Output of wg show on the server:
root@gate1:~# wg show
interface: wg0
public key: xxxxxxxxxF77quZwe72qx02awvtla0H9TdMhhnv5+00=
private key: (hidden)
listening port: 51820
peer: xxxxxxxxxsuCdmraF71fSHC3kfjAa3Gba85Zicr4PVo=
endpoint: xxx.xxx.xxx.xxx:34153
allowed ips: 10.1.0.51/32
latest handshake: 20 seconds ago
transfer: 37.36 MiB received, 10.11 MiB sent
... 5 more peers manually configured
interface: netmaker
public key: xxxxxxxxx+Zo8HkIwgDqg6pErzoMEjWAlpQ3jMJwawA=
private key: (hidden)
listening port: 51821
peer: xxxxxxxxxhFOEuxLKP9+wJdS+Xn8gapYkDhFGImQF1Q=
endpoint: xxx.xxx.xxx.xxx:5353
allowed ips: 10.11.12.1/32
latest handshake: 21 seconds ago
transfer: 24.55 KiB received, 6.29 KiB sent
persistent keepalive: every 20 seconds
peer: xxxxxxxxxElX3QTMloWhi/LiPyqlOWt5vxoMxlwn2lc=
endpoint: 127.0.0.1:37695
allowed ips: 10.11.12.2/32
transfer: 202.49 KiB received, 127.89 KiB sent
persistent keepalive: every 20 seconds
root@gate1:~# cat /etc/hosts | grep netmaker
10.11.12.3 gate1.konstack #netmaker
10.11.12.1 nad9.konstack #netmaker
10.11.12.2 zenbook.konstack #netmaker
Output of wg show from office (zenbook):
zenbook|~|⇒ sudo wg show
interface: wg0
public key: xxxxxxxxx0VqJrAL9pJNll/gFY/ZDDWJrj4Il5UU+RQ=
private key: (hidden)
listening port: 55646
peer: xxxxxxxxxF77quZwe72qx02awvtla0H9TdMhhnv5+00=
endpoint: 206.xxx.xxx.xxx:51820
allowed ips: 10.1.0.0/24, xxx.xxx.70.190/32, xxx.xxx.141.210/32, xxx.xxx.223.60/32, xxx.xxx.223.62/32
latest handshake: 1 minute, 58 seconds ago
transfer: 138.31 KiB received, 356.04 KiB sent
persistent keepalive: every 25 seconds
interface: netmaker
public key: xxxxxxxxxElX3QTMloWhi/LiPyqlOWt5vxoMxlwn2lc=
private key: (hidden)
listening port: 51821
peer: xxxxxxxxxhFOEuxLKP9+wJdS+Xn8gapYkDhFGImQF1Q=
endpoint: 127.0.0.1:38254
allowed ips: 10.11.12.1/32
latest handshake: 14 hours, 41 minutes, 5 seconds ago
transfer: 31.06 KiB received, 1.44 MiB sent
persistent keepalive: every 20 seconds
peer: xxxxxxxxx+Zo8HkIwgDqg6pErzoMEjWAlpQ3jMJwawA=
endpoint: 127.0.0.1:46629
allowed ips: 10.11.12.3/32
latest handshake: 14 hours, 41 minutes, 23 seconds ago
transfer: 216 B received, 1.26 MiB sent
persistent keepalive: every 20 seconds
zenbook|~|⇒ cat /etc/hosts
10.11.12.3 gate1.konstack #netmaker
zenbook|~|⇒ tracepath gate1.konstack
1?: [LOCALHOST] pmtu 1420
1: no reply
However, with the manually configured network (wg0), I have no problem:
zenbook|~|⇒ ssh root@10.1.0.1
Welcome to Ubuntu 18.04.6 LTS (GNU/Linux 4.15.0-159-generic x86_64)
+1 here.
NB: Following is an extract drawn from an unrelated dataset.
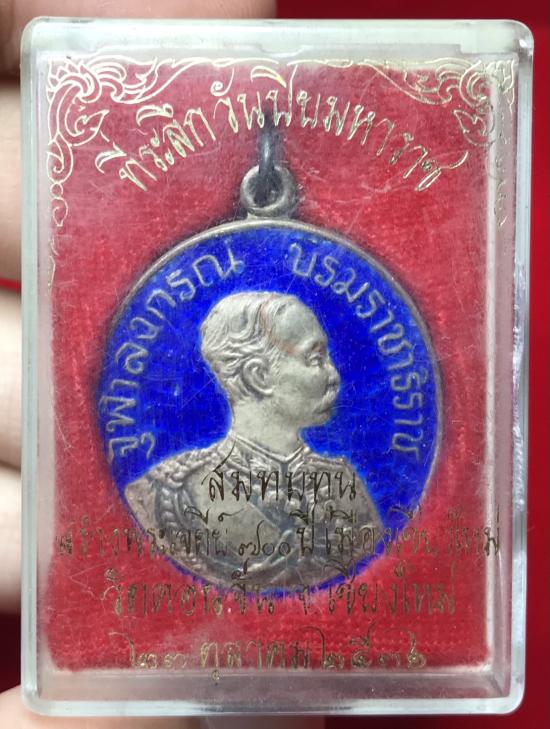 แดงเคาะแรก...เหรียญ "เนื้อเงินลงยา" รัชกาลที่ 5 วัดดอนจั่น เชียงใหม่ ที่ระลึกวันปิยะมหาราช สมทบทุนสร้างพระเจดีย์ 700 ปี เมืองเชียงใหม่ ปี 2536 ตอกโค้ด จ (น้ำหนัก 14.6 กรัม) พร้อมกล่องเดิมจากวัดครับ

Leaving an active ping between two nodes looses connection after a min or two.
My workaround:
sudo crontab -e
... append to last line ...
*/1 * * * * netclient join -A
I've also tried changing the MTU of the cni0
network to 1500 (default for other interfaces) and 1280 (the minimum suggested on the troubleshooting guide)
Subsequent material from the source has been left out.